To do
Further down are entries; set down exactly and only the lines from the one with "His records have" up to and including the one with "Triple Unit Double", dropping each picture.

Dataset records
§
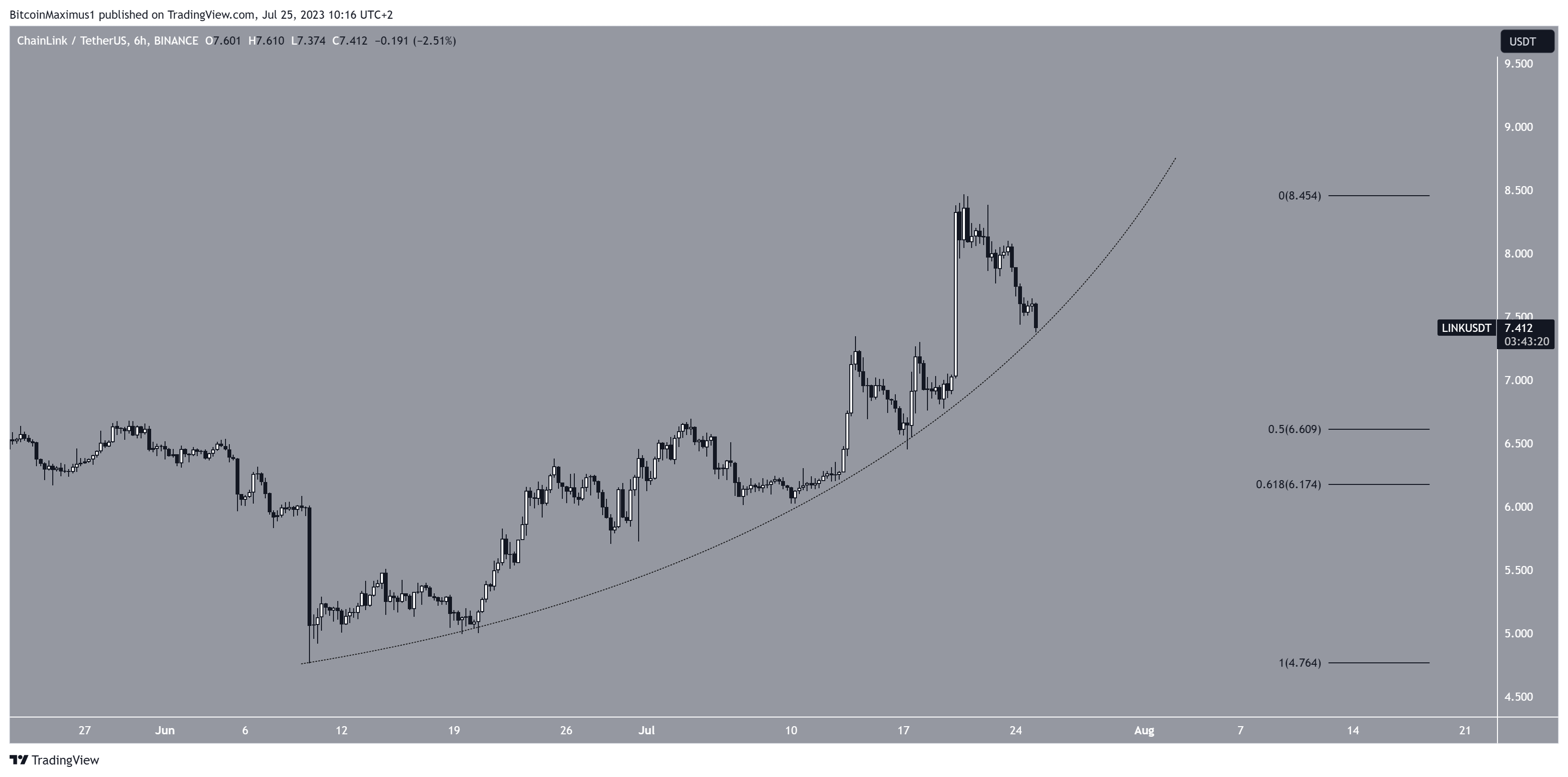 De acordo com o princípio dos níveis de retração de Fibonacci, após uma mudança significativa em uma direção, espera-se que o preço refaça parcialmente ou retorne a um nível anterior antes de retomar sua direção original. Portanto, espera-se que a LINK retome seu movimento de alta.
§
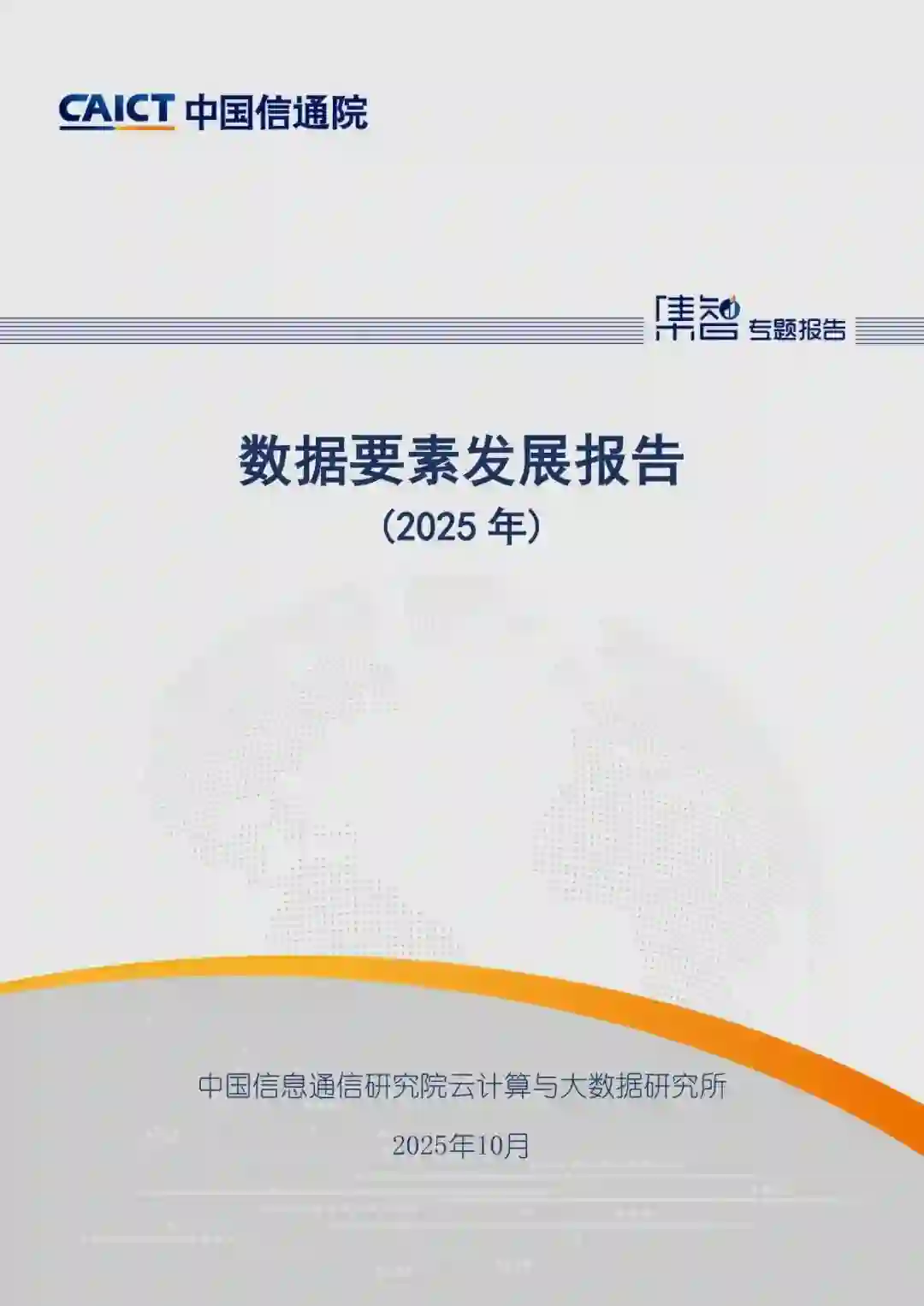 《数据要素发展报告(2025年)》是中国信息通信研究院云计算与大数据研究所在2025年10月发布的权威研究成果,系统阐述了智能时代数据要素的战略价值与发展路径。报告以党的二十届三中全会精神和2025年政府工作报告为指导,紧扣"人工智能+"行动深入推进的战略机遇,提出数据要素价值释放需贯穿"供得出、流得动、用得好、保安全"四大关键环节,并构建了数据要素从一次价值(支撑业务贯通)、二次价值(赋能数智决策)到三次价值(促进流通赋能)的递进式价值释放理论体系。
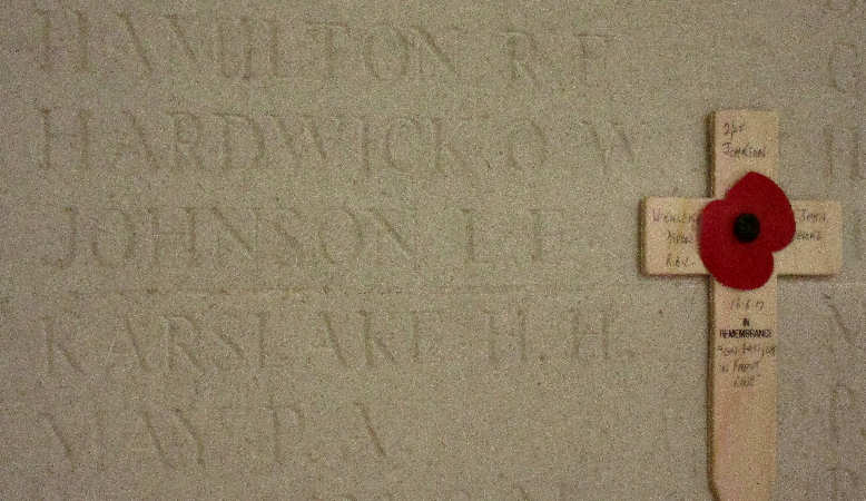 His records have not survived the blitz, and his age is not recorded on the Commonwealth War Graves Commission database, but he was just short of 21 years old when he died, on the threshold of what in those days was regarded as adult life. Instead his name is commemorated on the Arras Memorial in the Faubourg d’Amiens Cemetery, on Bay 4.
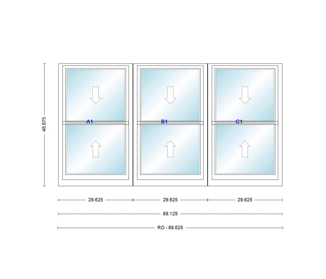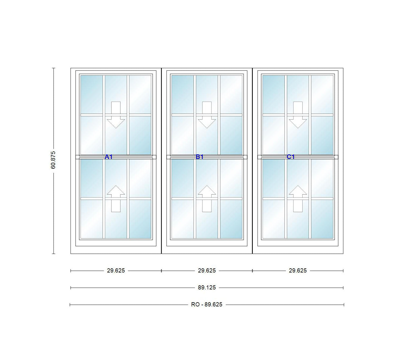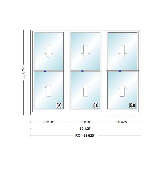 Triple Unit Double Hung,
§
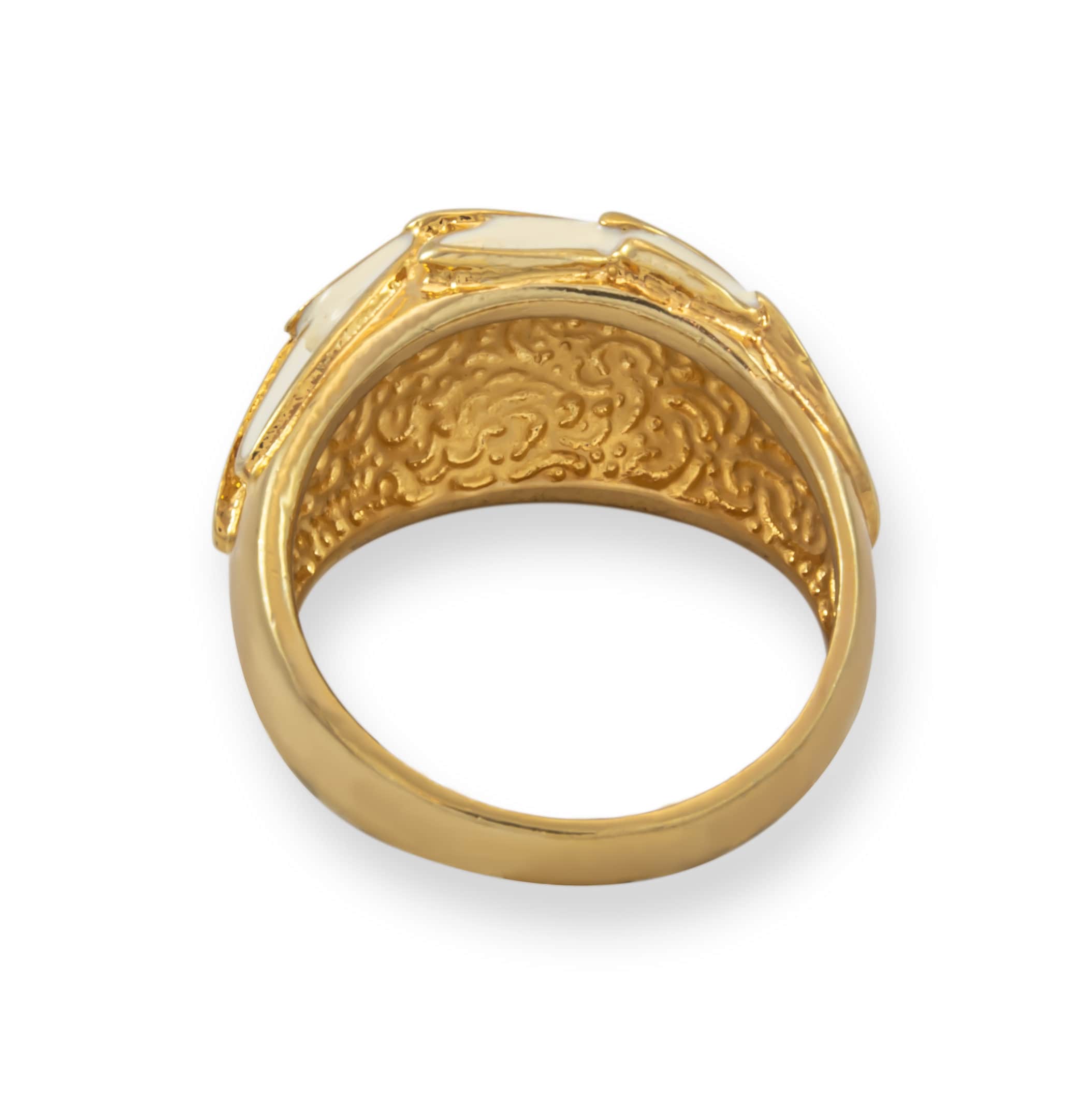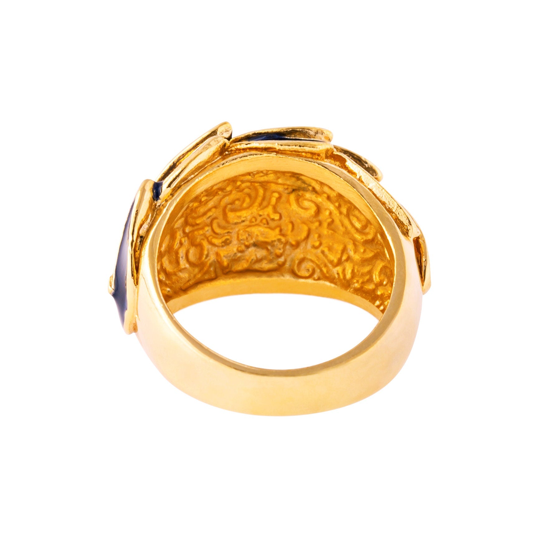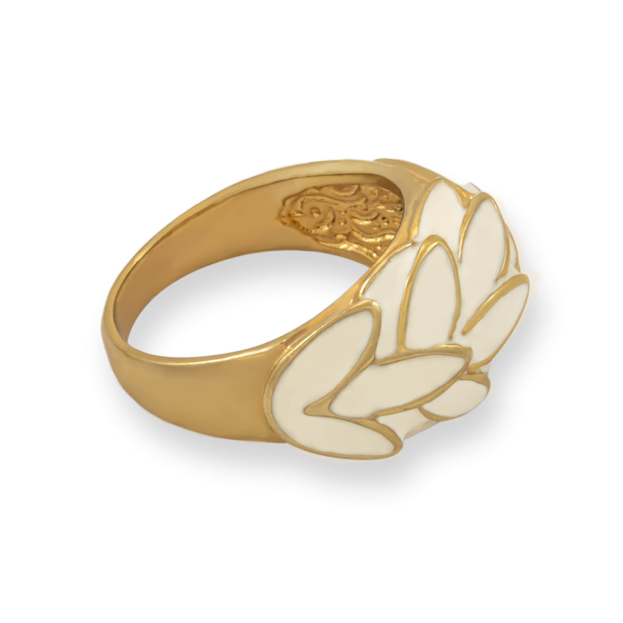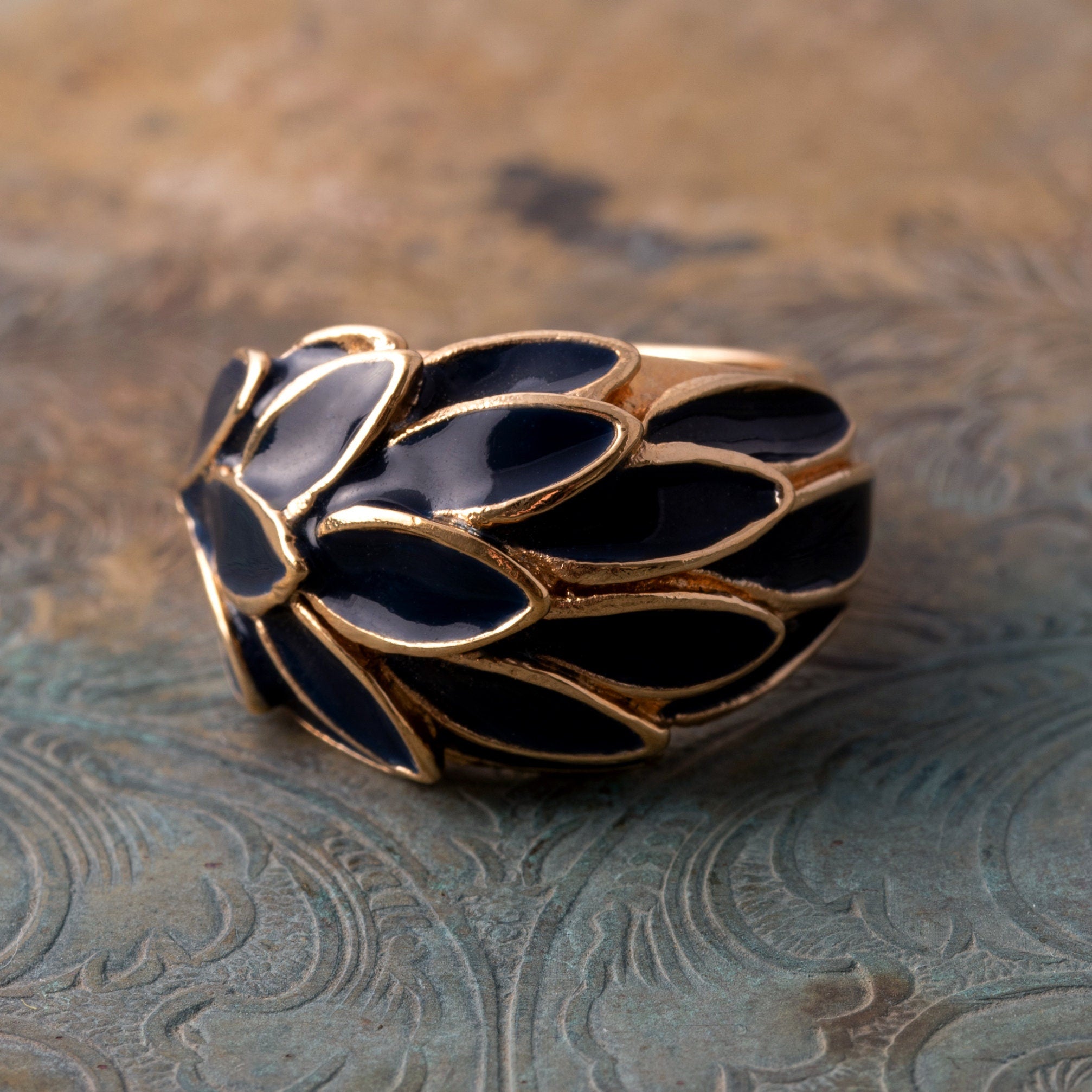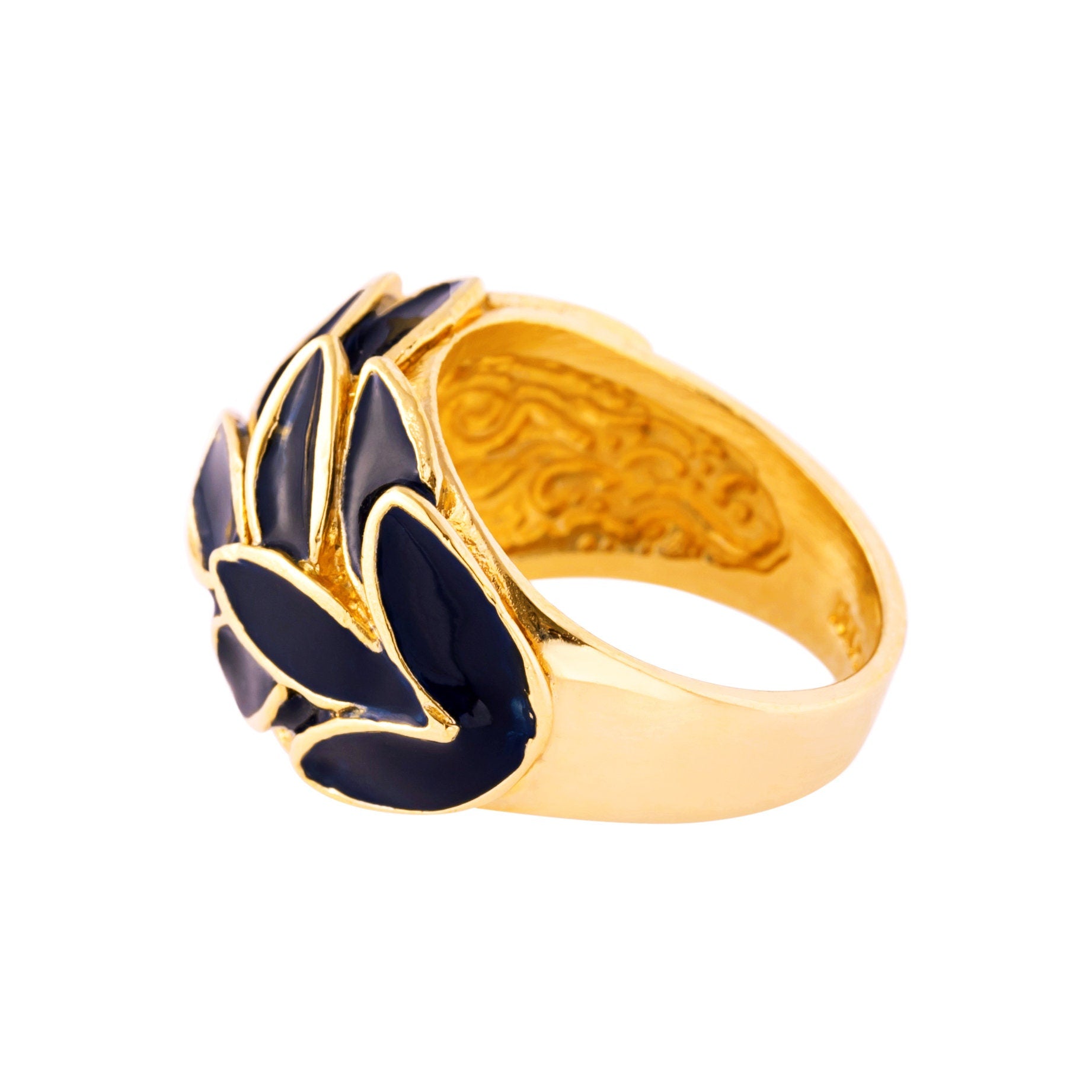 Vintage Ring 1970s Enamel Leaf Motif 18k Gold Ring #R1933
§
Reply
 His records have not survived the blitz, and his age is not recorded on the Commonwealth War Graves Commission database, but he was just short of 21 years old when he died, on the threshold of what in those days was regarded as adult life. Instead his name is commemorated on the Arras Memorial in the Faubourg d’Amiens Cemetery, on Bay 4.
 Triple Unit Double Hung,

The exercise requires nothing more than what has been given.